(Work order):
Return the lines of the listing below exactly as they appear, beginning at the one with "5日午前0時21分ごろ、福島県で最大震度4を観測するやや強い地震がありました。" and stopping after the one with "Šťavnaté kousky masa"; do not include pictures.

(Supplied material):
══════════════════════════════
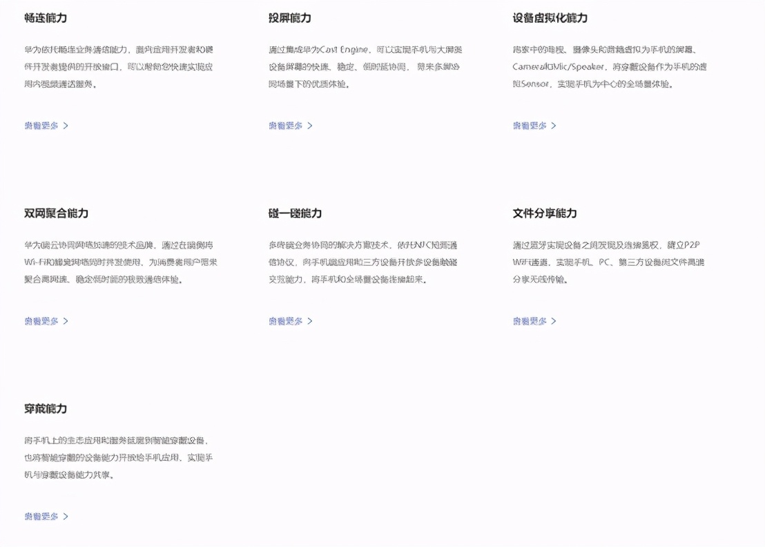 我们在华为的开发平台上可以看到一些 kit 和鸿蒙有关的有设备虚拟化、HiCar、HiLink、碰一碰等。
══════════════════════════════
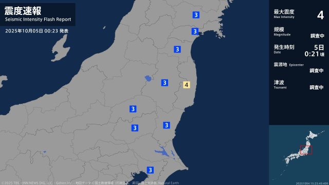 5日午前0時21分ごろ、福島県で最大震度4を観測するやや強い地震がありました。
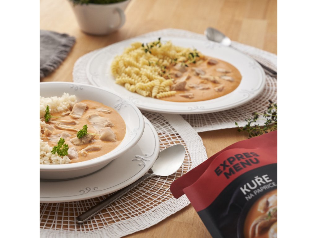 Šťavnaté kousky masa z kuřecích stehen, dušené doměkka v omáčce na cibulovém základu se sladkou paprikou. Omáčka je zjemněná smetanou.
══════════════════════════════
(The completed task):
 5日午前0時21分ごろ、福島県で最大震度4を観測するやや強い地震がありました。
 Šťavnaté kousky masa z kuřecích stehen, dušené doměkka v omáčce na cibulovém základu se sladkou paprikou. Omáčka je zjemněná smetanou.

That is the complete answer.